3.4. Detection Range of Immunochromatographic Strip

We collected five PCV2 strains. They are PCV2a/LG (10⁵ TCID₅₀/0.1 mL), PCV2a/SZ (10⁵ TCID₅₀/0.1 mL), PCV2b/SH (10⁵ TCID₅₀/0.1 mL), PCV2d/JH (10⁵ TCID₅₀/0.1 mL), and PCV2d/WZ (10⁵ TCID₅₀/0.1 mL). The results of all experimental groups were positive. We can reach a conclusion that immunochromatographic strips can be used to test PCV2a, PCV2b, and PCV2d (Figure 6).

3.5. Specificity of Immunochromatographic Strip

PCV2-positive serum samples, PCV2-negative serum samples, PEDV-positive serum samples, PRV-positive serum samples, CSFV-positive serum samples, PRRS-positive serum samples, PPV-positive serum samples, and an ASFV-positive serum sample, and PCV1 strain solution were tested using the immunochromatographic strip; the results showed that positive results only appeared in PCV2-positive serum samples. Other experimental groups showed negative results (Figure 7A).

Moreover, we collect cell culture medium of PEDV (CV777 strain), PRV (HB2000 strain), CSFV (WH-09 strain), PRRS (JXA1-R strain), PPV (WH-1 strain), ASFV (SD strain), and PCV1 (D strain). All results were negative (Figure 7B).

Based on the results, immunochromatographic strips can test serum samples and strain samples.

3.6. Comparison of ELISA Kit with Immunochromatographic Strip

We prepared 150 serum samples and used the developed immunochromatographic strip and ELISA kit to test serum samples (Table 2).

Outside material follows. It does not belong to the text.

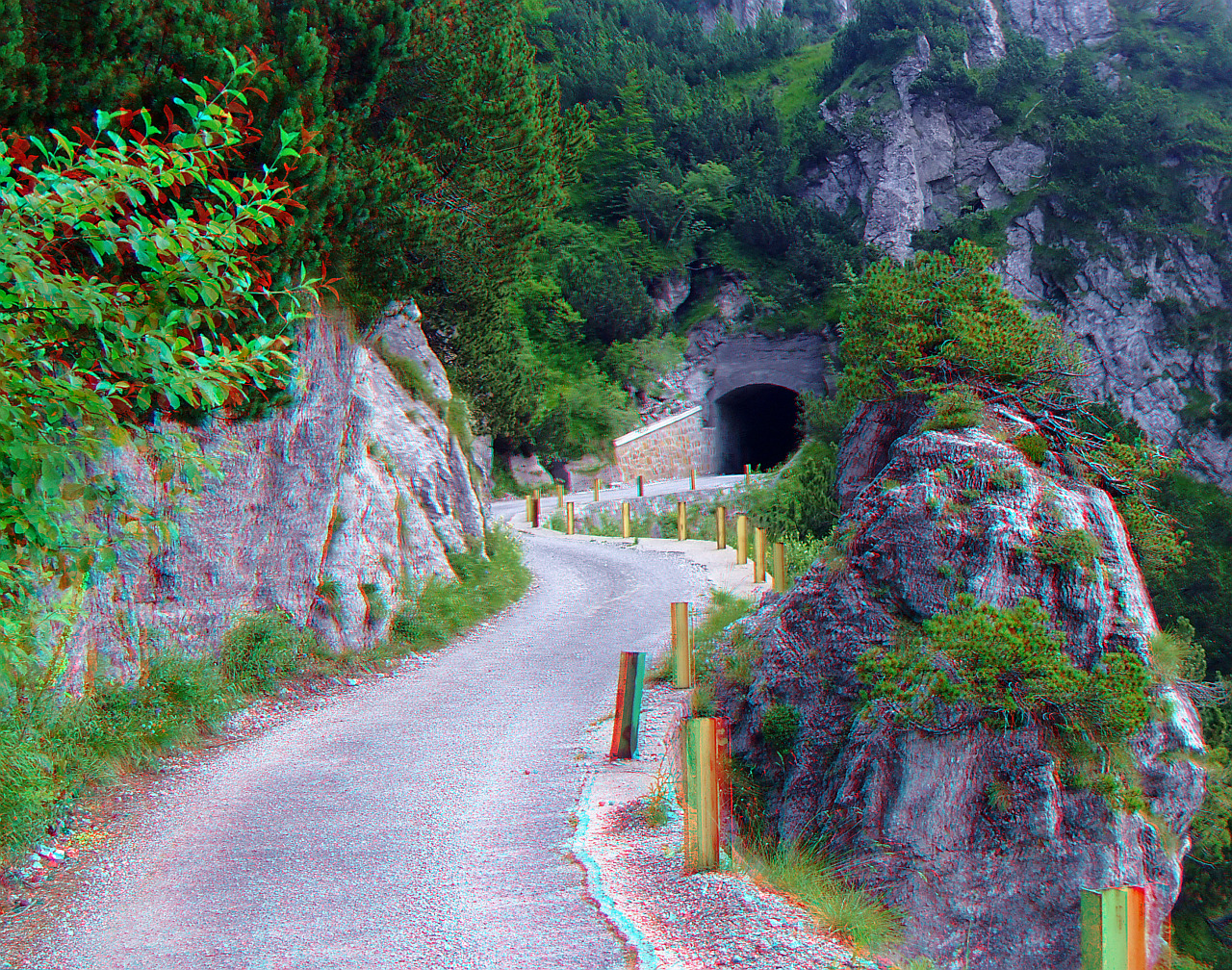 Blick auf die westliche Ausfahrt des letzten Tunnels. In diesem Bereich besteht die Straße aus altem Asphalt, ist aber von einer Schotterschicht überzogen. Charakteristisch für diesen Teil des Passo della Spina sind die Stahlträger, die als Straßenbefestigung dienen sollen. Rechts der Piste geht es steil den Berg hinunter.

The Kappa statistic was used to prove that the immunochromatographic strip showed a high level of consistency with the enzyme-linked immunosorbent assay (ELISA) kit. The agreement between the immunochromatographic strip and ELISA kit was 93.33% (140/150). The Kappa coefficient between immunochromatographic strip and ELISA kit was 0.866 (Kappa > 0.810); the two methods have almost perfect agreement (Table 2).

3.7. Linear Range of the Magnetic Chemiluminescence Immunoassay

PCV2 Cap solutions of different concentrations (0.25 ng/mL, 0.5 ng/mL, 1 ng/mL, 2 ng/mL, 4 ng/mL, 8 ng/mL, 16 ng/mL, 32 ng/mL) were prepared; each sample corresponds to one relative light unit (RLU) and standard curves were established using SPSS. The R² of standard curves is 0.9993; there is a great correlation between PCV2 antigen and RLU when the concentration of PCV2 antigen is 0.25 ng/mL to 32 ng/mL (Figure 8).

3.8. The Limit of Detection (LOD) and the Limit of Quantitation (LOQ)

According to the Clinical and Laboratory Standards Institute (NCCLS) guidelines, one negative sample and one low-concentration sample were selected to manufacture a standard curve. The negative sample was tested 20 times and, calculating average (Mean) and standard deviation (SD), Mean + 2SD and Mean + 10SD were substituted into the standard curve; the result of Mean + 2SD was LOD and result of Mean + 10SD was LOQ (Table 3).

3.9. Specificity of Magnetic Chemiluminescence Immunoassay

In this study, we collected five PCV2-positive serums, five PCV2-negative serums, five PRV-positive serums, five PRRSV-positive serums, five PEDV-positive serums, and five CSFV-positive serums. These serums were tested by magnetic chemiluminescence immunoassay. The result show that positive results only appeared when we tested PCV2-positive serums. Meanwhile, the results of other experimental groups were negative (Table 4).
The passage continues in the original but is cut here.